Whereas while taking the input of the second array erase the element from the set.

Print *** *S.begin()**.

Even though the answer is returned in O(1), the preprocessing time complexity is O(nlogn).

P.S
if you have first array with certain elements whose frequency is more than that of second you might use unordered_set. In this case the preprocessing time would be O(n) since *** unordered_set has time complexity** of O(1) on average case.

See for Implementation

For the Second part of third question you can again use set or unordered_set to return the odd node in O(1).

Remember that even a binary tree can be represented as an array. Here the size of the array would be the total number of nodes in the binary tree. Thus part 1 and part 2 of the third questions is same.

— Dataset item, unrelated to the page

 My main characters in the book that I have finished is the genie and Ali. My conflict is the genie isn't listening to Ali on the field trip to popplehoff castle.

If we are allowed preprocessing then O(n) solution would be summation of both arrays and printing the difference between the two, hence providing the answer which is better than your O(nlogn).

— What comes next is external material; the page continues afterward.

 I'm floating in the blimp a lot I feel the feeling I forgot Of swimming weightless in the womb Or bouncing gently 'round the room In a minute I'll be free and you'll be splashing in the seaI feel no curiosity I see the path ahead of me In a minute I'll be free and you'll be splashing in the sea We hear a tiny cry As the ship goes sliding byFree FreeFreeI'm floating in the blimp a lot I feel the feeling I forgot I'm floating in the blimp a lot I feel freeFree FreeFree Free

O(1) solution for Question 3(a) would be just doing XOR for all elements and the answer would be the Xor of all elements.
For example :

``````x = [1,2,3,4,5]
y = [1,2,3,4]
XOR for all elements of both arrays = 5 which is your answer.
``````

Note : you can perform this operation in just O(1) extra time if you consider the input
complexity as exclusive.

@nagpalkaran95 your first solution would not work if you allow just taking the difference, since the input between both the arrays would not be in the same order
Consider the case :

arr1 = [1,2,3,4,5]

arr2 = [5,4,1,2]

If you start taking the difference, I don’t think the preprocessing could be completed in O(n) .

Moreover if we use unoredered_set the complexity would be constant and preprocessing complexity would be O(1).

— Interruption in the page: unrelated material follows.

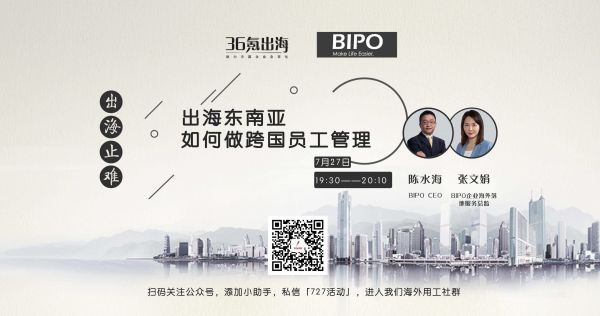 7月27日,我们将推出第三期「出海止难 | 海外用工」主题直播分享。本期直播我们邀请到了人力资源服务公司 BIPO CEO 陈水海先生及其企业海外落地服务总监张文娟女士,为我们带来“出海东南亚,如何做跨国员工管理”的分享与答疑。

P.S if i understood you wrong, please point me out.

@techbuzz You understood me wrong.
I meant taking the summation of array1 as sum1 and sum2 for array2 and then the answer would be the difference of sum1 and sum2.

``````sum1 = 15
sum2 = 12
sum1 - sum2 = ans = 3
``````

where sum1 and sum2 can be calculated while taking the input.

P.S. Point out mistakes if any.

For the first one: many solution possible answer required.

for second yup no brute force:

I tried to reduce it to some extend like

if the number starts with 2: 5,7,8 will not occur

if the number starts with 3: 4,5,7,8 will not occur

if the number starts with 4: 3,4,5,7,8 will not occur

if the number starts with 5 and above: no answer possible

But the interviewer is not satisfied

Then the first one has cases:

Case 1: The highest element value occurs >2 times

Case 2: The highest element value occurs 2 times

Case 3: The highest element value occurs 1 time and 2nd highest occurs>=2 times

Case 4: The 2nd highest also occurs once only.